Temps de lecture : 4 minutes

À l’heure où peu de gens dans le monde croient encore à l’avenir d’une presse papi­er à l’ancienne, et où les édi­teurs ten­tent par tous les moyens de s’agripper à la tran­si­tion numérique en marche, rien ne sem­ble ébran­ler cette cor­po­ra­tion en Algérie. Ni la flam­bée du prix du papi­er, ni l’explosion des réseaux soci­aux et des médias alter­nat­ifs, ni même le dur­cisse­ment de l’imprimatur.

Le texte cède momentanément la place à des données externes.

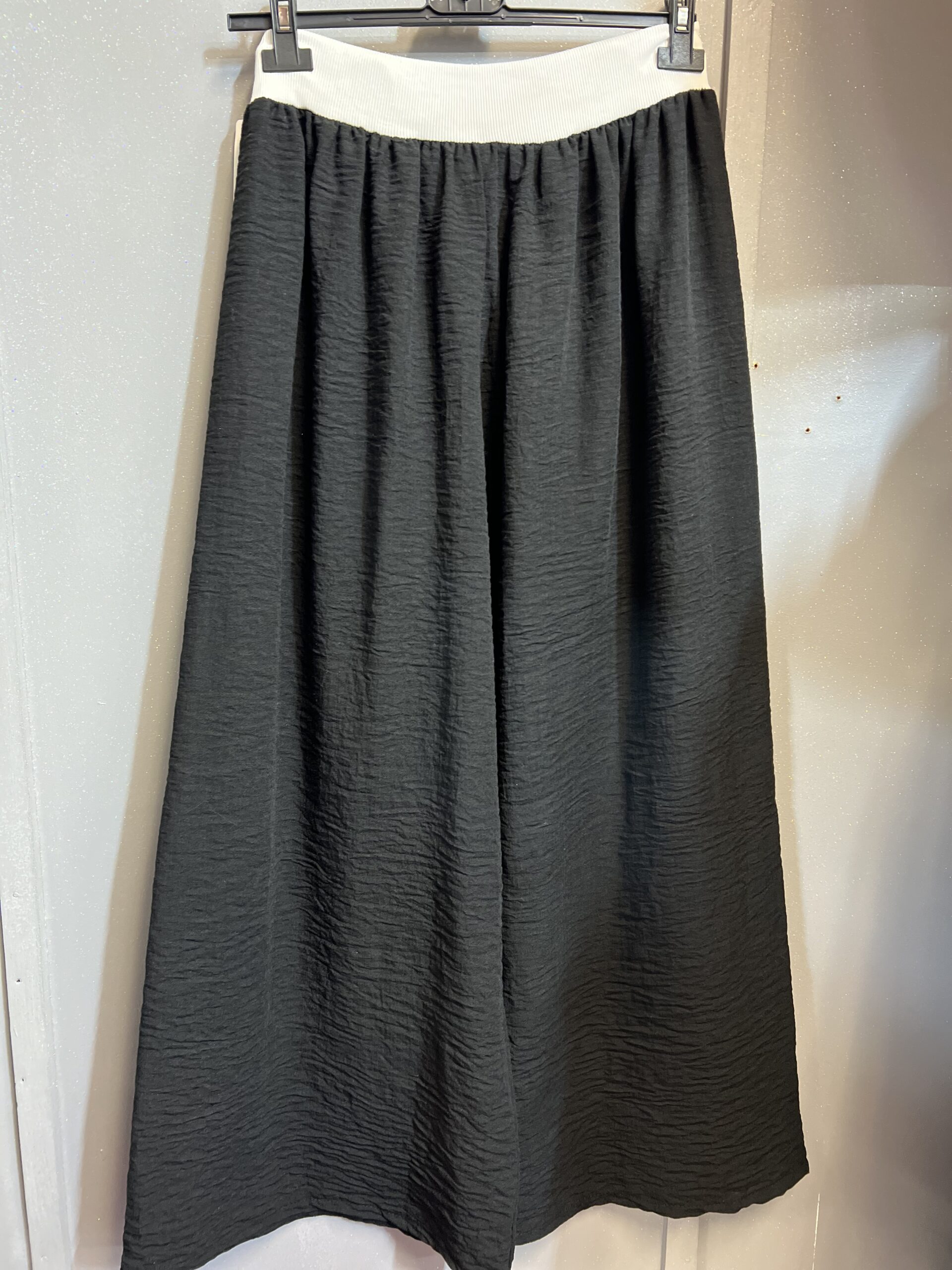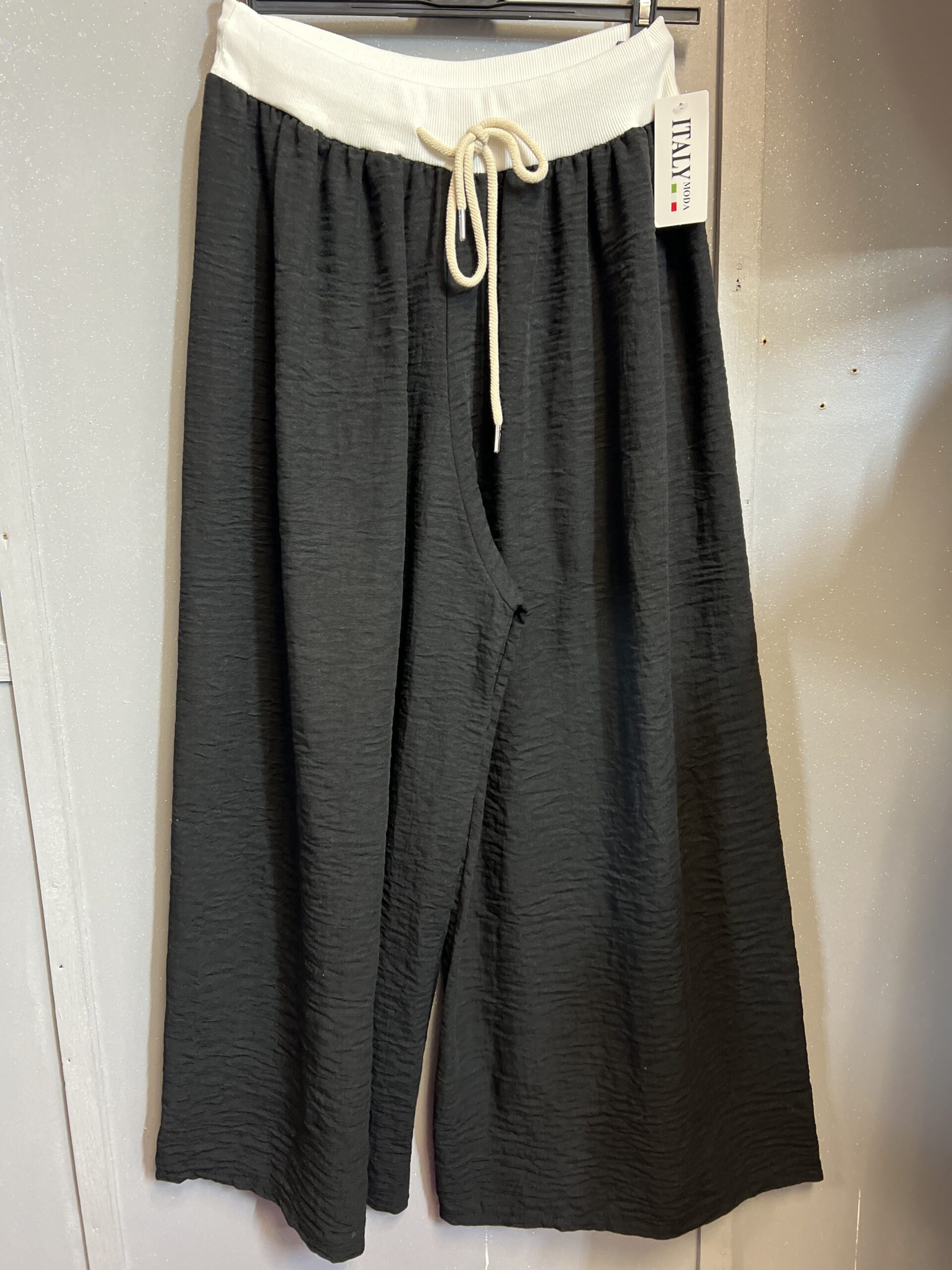 Spodnie lniane z szeroką nogawką w kolorze czerni. Góra spodni zakończona szerokim białym pasem z bawełny oraz sznurkiem. Tył gładki. Idealne na każdą okazję. Do pracy ,na co dzień .Elegancko i sportowo. Świetnie sprawdzą się do każdego obuwia.

Entre 150 et 200 titres papier !

Entre 150 et de 200 titres, tous for­mats con­fon­dus, sont imprimés jusqu’à fin 2023, selon le min­istère de la Com­mu­ni­ca­tion algéri­enne. On en comp­tait moins de 130 en 2020, ce qui mon­tre que la ten­dance est à la hausse dans ce secteur. Il y a eu une péri­ode de vach­es mai­gres entre 2014 et 2017, où 26 quo­ti­di­ens en majorité d’expression française avaient cessé de paraitre, mais la scène médi­a­tique «s’enrichit» épisodique­ment de nou­veaux titres. Le dernier en date est un quo­ti­di­en en français, La Voie d’Algérie, lancé en mai 2024.

Et la ques­tion qui se pose d’entrée : à quelle logique obéi­rait cette hyper­tro­phie dans la con­jonc­ture actuelle ? Car, non seule­ment, tous ces jour­naux-papi­er sont si peu renta­bles (la majorité tirent à moins de 5 000 exem­plaires) et con­stituent, de ce fait, un fardeau pour l’État, mais, plus encore, la mul­ti­plic­ité des titres ne reflète aucune diver­sité d’opinion réelle. Les trois ou qua­tre grands quo­ti­di­ens dits indépen­dants (El-Watan, El-Khabar, Le Soir d’Algérie…), créés à l’ouverture du mul­ti­par­tisme en 1990, et qui gar­daient encore une cer­taine lib­erté de ton jusqu’à 2020, sont tous entrés dans le giron du pouvoir.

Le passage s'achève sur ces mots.